Hints to Avoid Deal Breakers When Selling a Business
Most small business owners are not familiar with the dynamics of selling a business because they have never sold one before. Most people only buy or sell a business once in a lifetime. While there are lots of potential deal breakers, avoiding the following ten mistakes will help to lessen the probability of having a business transfer transaction never get to contract closure:
- Neglecting to run your business operations as usual until the entity is transferred to the new owner(s). Do not take for granted that your business will continue to run by itself with the same success and profitability if you decide to cut back on spending the normal amounts of time and money normally needed to sustain operations. A prospective buyer can be easily scared away evenif he/she sees a short-term downtrend in sales and profitability.

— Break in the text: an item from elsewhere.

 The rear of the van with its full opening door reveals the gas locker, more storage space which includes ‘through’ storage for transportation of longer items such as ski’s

- Overpricing the business – be realistic and cognizant not only of the current financial climate (e.g., lending availability, economic indicators, etc.) but you must take into account the current state of buyer psychology that is driving business acquisition activity trends.

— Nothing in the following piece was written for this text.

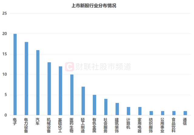 按行业板块来看,上市的新股中,电子股数量最多,占比高达17.2%,电力设备、汽车、机械设备、基础化工股占比也均超10%,同时还涵盖医药生物、轻工制造、有色金属、社会服务、建筑装饰、计算机、家用电器、纺织服饰、公用事业、食品饮料、通信股。若以证券板块统计,主板股、创业板、北交所、科创板分别占比32.8%、28.4%、22.4%、16.4%。

- Breaching the confidentiality of the sale – keep all conversations private and be sensitive that your employees may be quick to notice changes in your behavior.
- Not preparing for the sale far enough in advance – have your financial documents up to date and easily accessible. Make your accountant and lawyer aware of your intentions and make sure that they respond to all requests in a timely manner.
- Not anticipating buyer requests and questions – learn to anticipate from prior discussions with former prospective buyers as to what types of questions will be asked and be prepared to back up your answers with documentation that substantiates your feedback.
- Not expecting to stay long enough for the transition period – the complexity of the type of business you are selling usually determines how long a buyer expects a seller to stay on for training and consultation. Be realistic and expect to provide the amount of time that you would expect if you were the buyer.
- Not expecting to sign a non-compete agreement – family members might have to be included as well. This usually is a mandatory requirement and a deal-breaker if an owner does not agree to sign a non-compete agreement.
- Being inflexible in structuring the transaction – example: expecting an all cash deal. Having a realistic understanding of the current economic climate, including lending availability and buyer willingness to take risks are strong factors that need to be considered when structuring a business sale transaction.
- Being unwilling to negotiate by being inflexible and unconcerned that all parties on the buy and sell sides need to consider their part of the deal as a “win.” This is critical to making any deal happen. If either party does not feel that they are obtaining what they want out of the deal, it will never get to closing.
- Not facilitating the closing process in a timely, efficient manner. TIME IS THE KILLER OF ALL DEALS.